1 Data and model

Let us assume that our data set is \(\{y_1,\ldots,y_n\}\) and is observed chronologically. We want to entertain an AR(2) model for the data, ie. \[ y_t = \phi_1 y_{t-1} + \phi_2 y_{t-2} + \epsilon_t \qquad \epsilon_t \ \ iid \ \ N(0,\sigma^2), \] where \(\theta=(\phi_1,\phi_2,\sigma)\).

2 Simulating some data

set.seed(1233)
n    = 300
sig  = 1
phi1 = 1.75;phi2 = -0.80
#phi1 = 0.90;phi2 = 0.05
y    = rep(0,2*n) 
for (t in 3:(2*n)) 
  y[t] = phi1*y[t-1]+phi2*y[t-2]+rnorm(1,0,sig) 
y = y[(n+1):(2*n)]

ts.plot(y)

3 h-steps ahead forecasting distributions

Here we are interested in obtaining the forecasting distribution \(h\) steps ahead,i.e. \[ p(y_{n+h}|y_{1:n},\theta) \equiv p_N(y_{n+h}|\mu_{n+h},\sigma_{n+h}^2), \qquad h=1,\ldots,H. \] For \(h=1\), it is easy to see that \[\begin{eqnarray*} y_{n+1} &=& \phi_1 y_n + \phi_2 y_{n-1} + \epsilon_{n+1}\\ E(y_{n+1}|y_{1:n},\theta) &=& \phi_1 y_n + \phi_2 y_{n-1}\\ V(y_{n+1}|y_{1:n},\theta) &=& V(\epsilon_{n+1})=\sigma^2 \end{eqnarray*}\]

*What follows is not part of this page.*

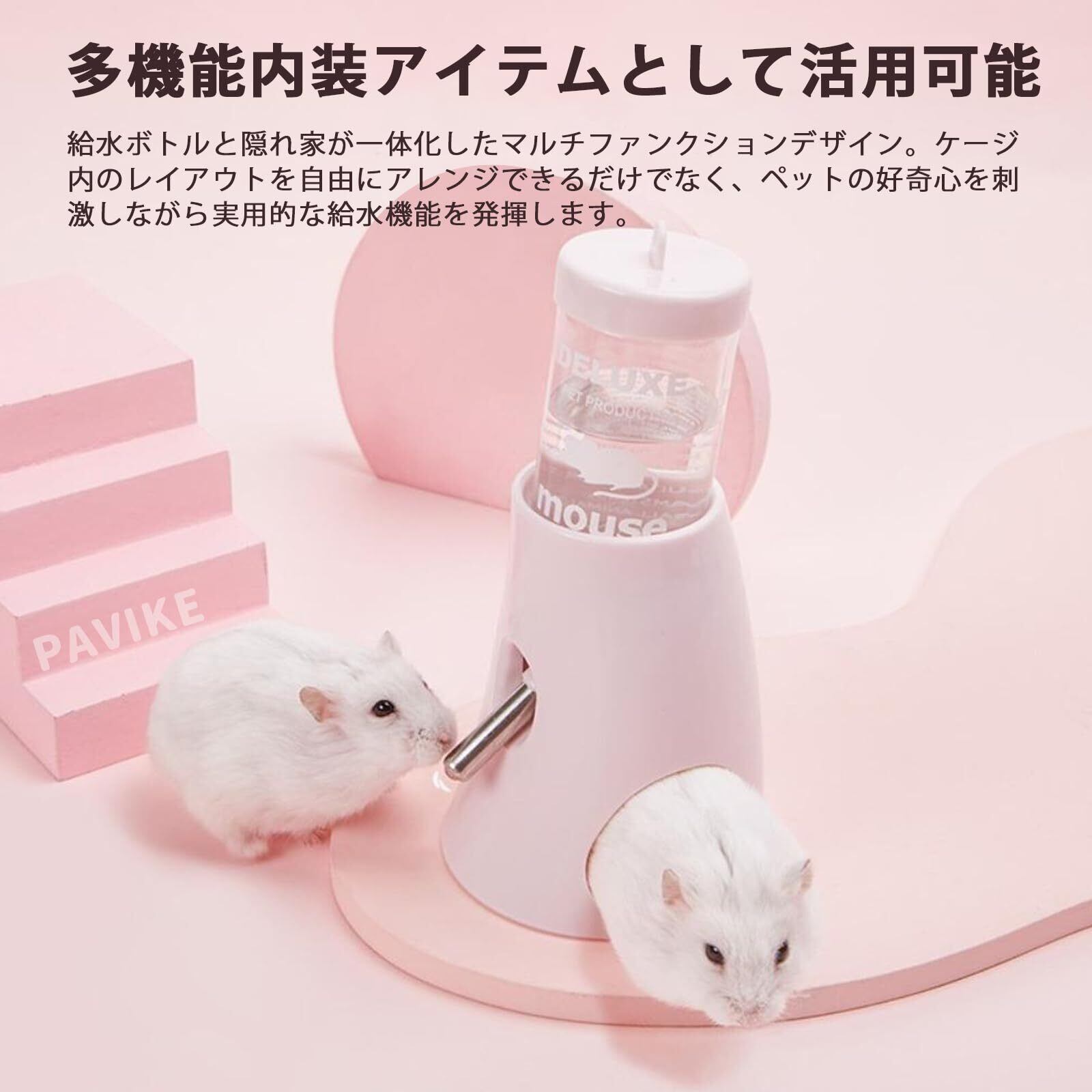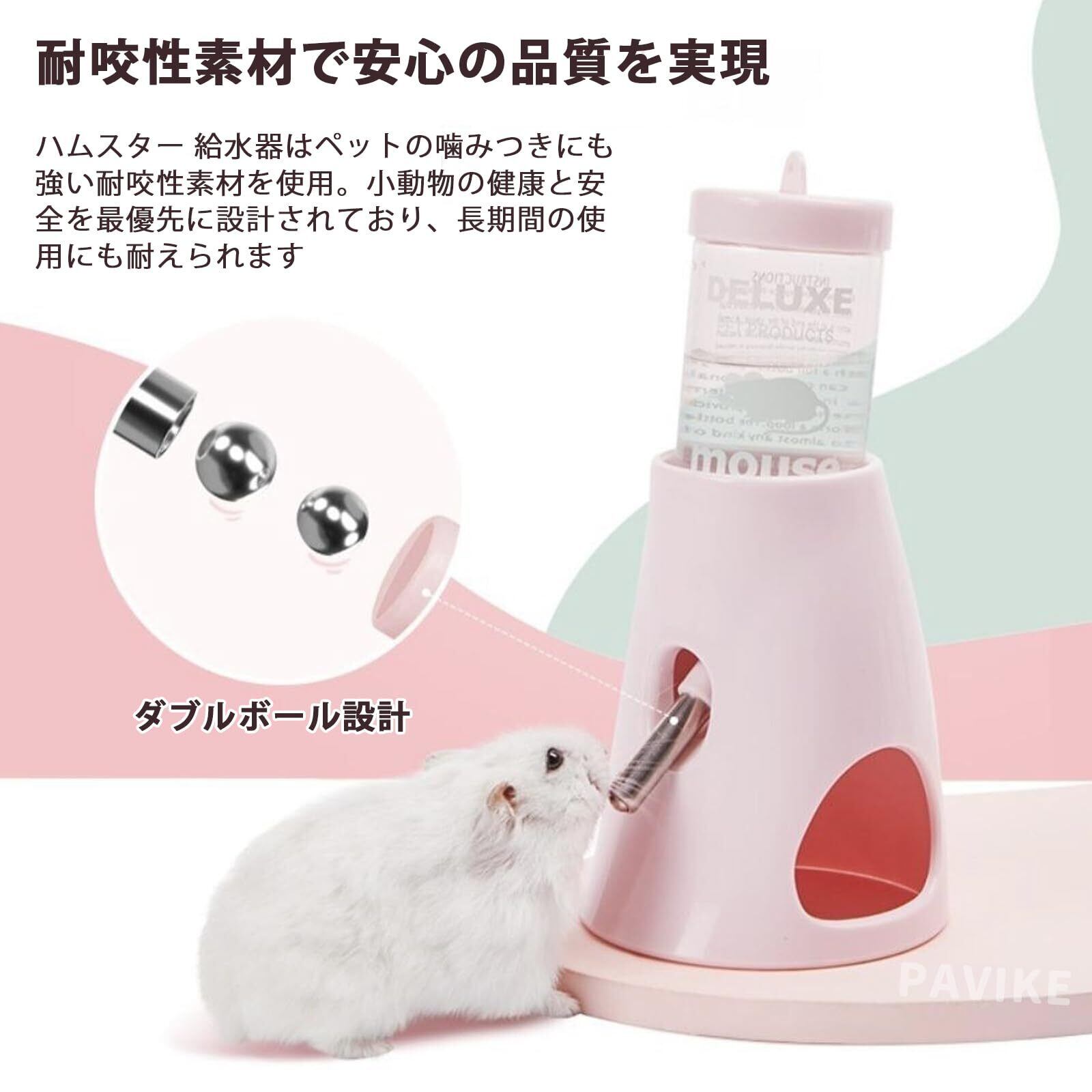 PAVIKE 小動物 給水器 ペットボトル ハムスター 給水器 うさぎ 水入れ 置き型 大容量 省スペースデザイン 電源不要 みずのみ器 自動給水器 熱中症を防ぐ 転倒防止 漏れ防止 ペット用品(80ml/ピンク)

For \(h=2\), we first write \(y_{n+2}\) as a function of \((y_n,y_{n-1})\): \[\begin{eqnarray*} y_{n+2} &=& \phi_1 y_{n+1} + \phi_2 y_n + \epsilon_{n+2}\\ &=& \phi_1\{\phi_1 y_n + \phi_2 y_{n-1} + \epsilon_{n+1}\} + \phi_2 y_n + \epsilon_{n+2}\\ &=& (\phi_1^2+\phi_2)y_n + \phi_1\phi_2 y_{n-1} + \phi_1 \epsilon_{n+1} + \epsilon_{n+2}\\ E(y_{n+2}|y_{1:n},\theta) &=& (\phi_1^2+\phi_2)y_n + \phi_1\phi_2 y_{n-1}\\ V(y_{n+2}|y_{1:n},\theta) &=& (1+\phi_1^2)\sigma^2 \end{eqnarray*}\] Similarly, we can derive the mean and variance functions for \(y_{n+3}\) and \(y_{n+4}\): \[\begin{eqnarray*} E(y_{n+3}|y_{1:n},\theta) &=& (\phi_1^3+2\phi_1\phi_2)y_n + (\phi_1^2\phi_2 + \phi_2^2)y_{n-1}\\ V(y_{n+3}|y_{1:n},\theta) &=& (1+\phi_1^2 + (\phi_1^2+\phi_2)^2)\sigma^2\\ E(y_{n+3}|y_{1:n},\theta) &=& (\phi_1^4+3\phi_1^2\phi_2+\phi_2^2)y_n + (\phi_1^3\phi_2 + 2\phi\phi_2^2)y_{n-1}\\ V(y_{n+3}|y_{1:n},\theta) &=& (1+\phi_1^2 + (\phi_1^2+\phi_2)^2+(\phi_1^3+2\phi_1\phi_2)^2)\sigma^2 \end{eqnarray*}\]

Since all error terms, \(\epsilon_{n+h}\), for \(h=1,2,3,4\), are iid \(N(0,\sigma^2)\), the distribution of \(y_{n+h}|y_{1:n},\theta\) is also normal with mean and variance \(E(y_{n+h}|y_{1:n},\theta)\) and \(V(y_{n+h}|y_{1:n},\theta)\).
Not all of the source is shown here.